PROBLEM DESCRIPTION
Copy the complete listing word for word, but do not carry over any images.

INFORMATION SHOWN
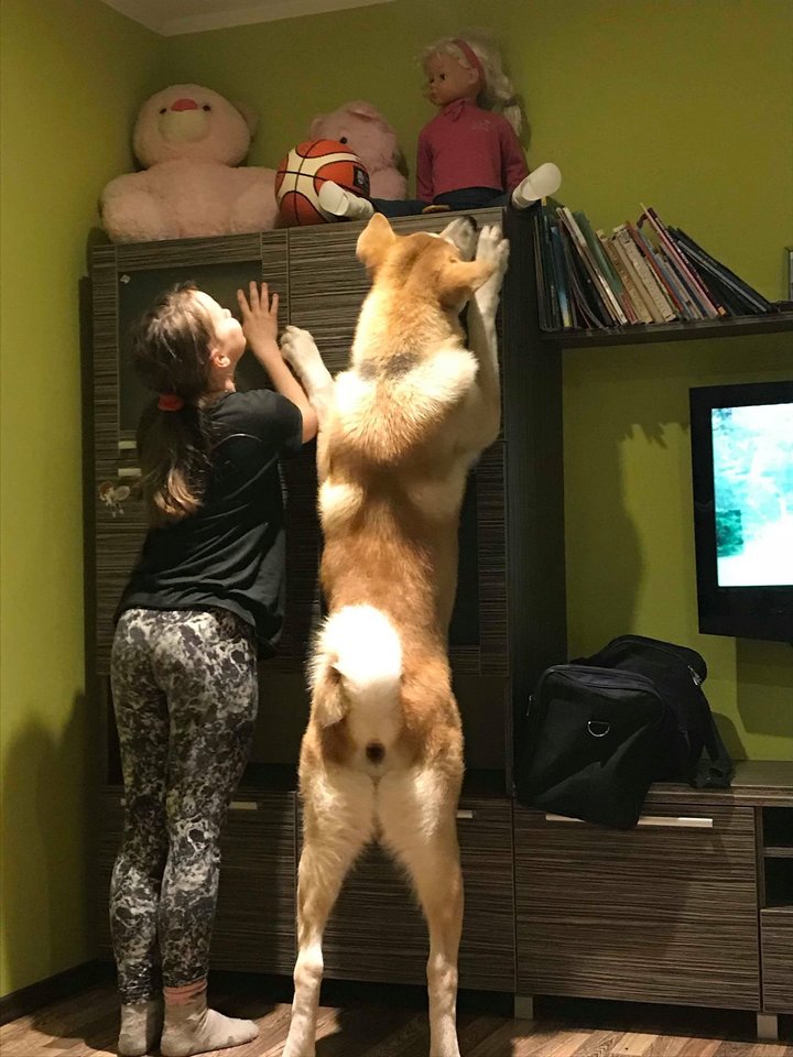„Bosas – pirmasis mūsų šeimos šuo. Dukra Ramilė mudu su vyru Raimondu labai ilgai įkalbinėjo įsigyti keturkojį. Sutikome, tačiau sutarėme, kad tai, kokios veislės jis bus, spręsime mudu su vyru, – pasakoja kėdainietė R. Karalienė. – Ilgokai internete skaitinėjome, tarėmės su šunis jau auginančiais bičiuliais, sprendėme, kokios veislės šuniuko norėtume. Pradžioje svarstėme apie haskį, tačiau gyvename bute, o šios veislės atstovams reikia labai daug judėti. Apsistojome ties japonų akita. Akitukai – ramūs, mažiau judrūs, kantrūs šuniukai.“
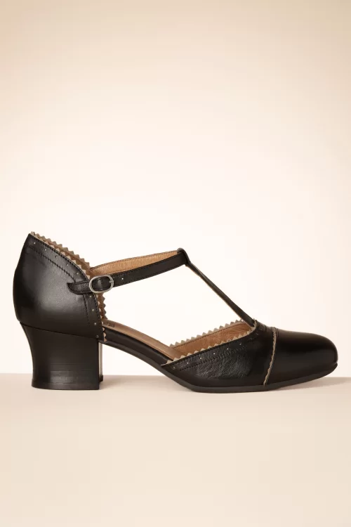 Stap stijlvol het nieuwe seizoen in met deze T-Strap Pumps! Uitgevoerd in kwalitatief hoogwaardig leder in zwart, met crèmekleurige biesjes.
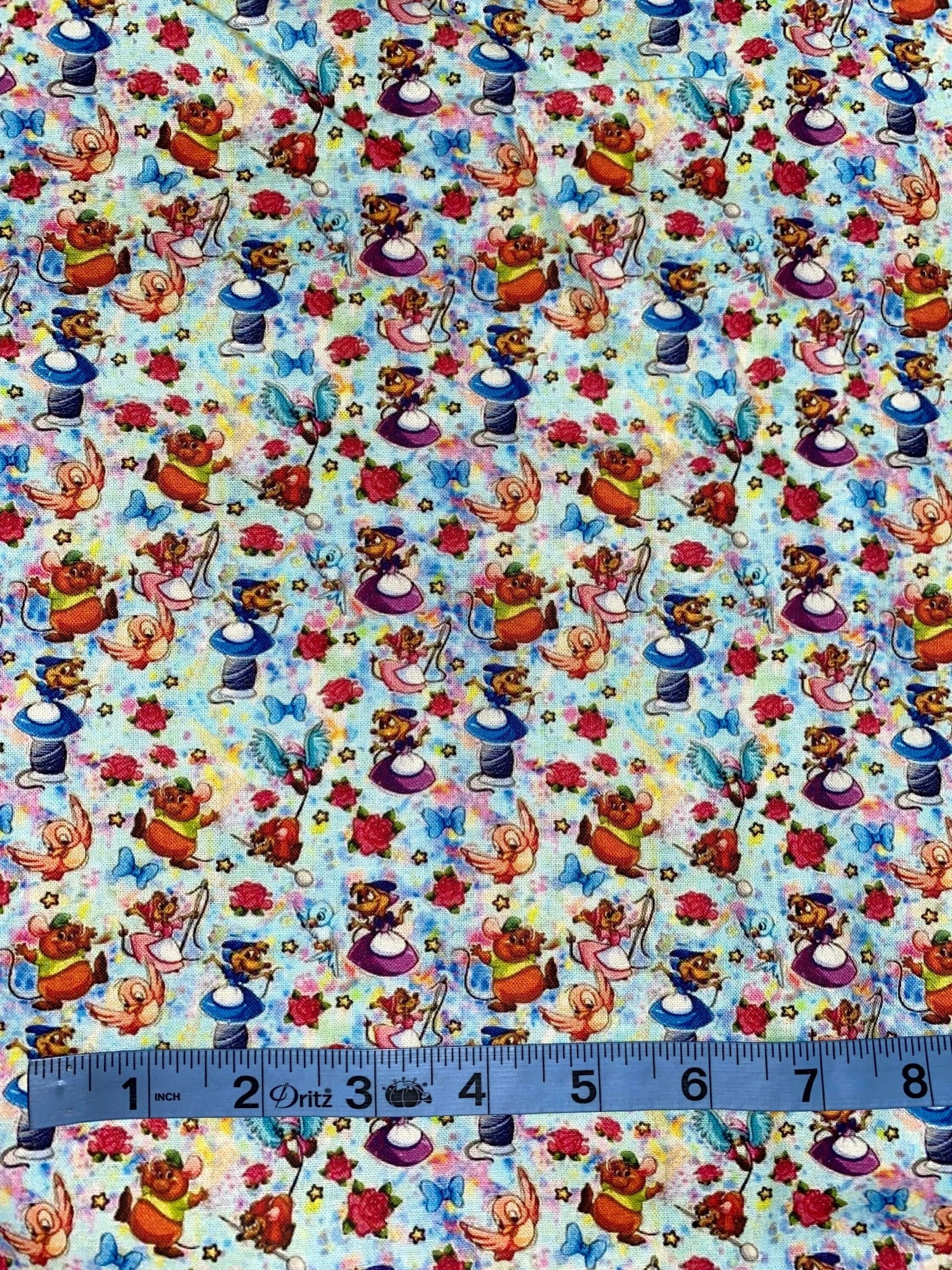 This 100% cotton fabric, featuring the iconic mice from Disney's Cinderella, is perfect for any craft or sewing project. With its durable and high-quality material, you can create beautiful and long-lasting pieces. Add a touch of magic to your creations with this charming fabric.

WRITTEN SOLUTION
„Bosas – pirmasis mūsų šeimos šuo. Dukra Ramilė mudu su vyru Raimondu labai ilgai įkalbinėjo įsigyti keturkojį. Sutikome, tačiau sutarėme, kad tai, kokios veislės jis bus, spręsime mudu su vyru, – pasakoja kėdainietė R. Karalienė. – Ilgokai internete skaitinėjome, tarėmės su šunis jau auginančiais bičiuliais, sprendėme, kokios veislės šuniuko norėtume. Pradžioje svarstėme apie haskį, tačiau gyvename bute, o šios veislės atstovams reikia labai daug judėti. Apsistojome ties japonų akita. Akitukai – ramūs, mažiau judrūs, kantrūs šuniukai.“
 Stap stijlvol het nieuwe seizoen in met deze T-Strap Pumps! Uitgevoerd in kwalitatief hoogwaardig leder in zwart, met crèmekleurige biesjes.
 This 100% cotton fabric, featuring the iconic mice from Disney's Cinderella, is perfect for any craft or sewing project. With its durable and high-quality material, you can create beautiful and long-lasting pieces. Add a touch of magic to your creations with this charming fabric.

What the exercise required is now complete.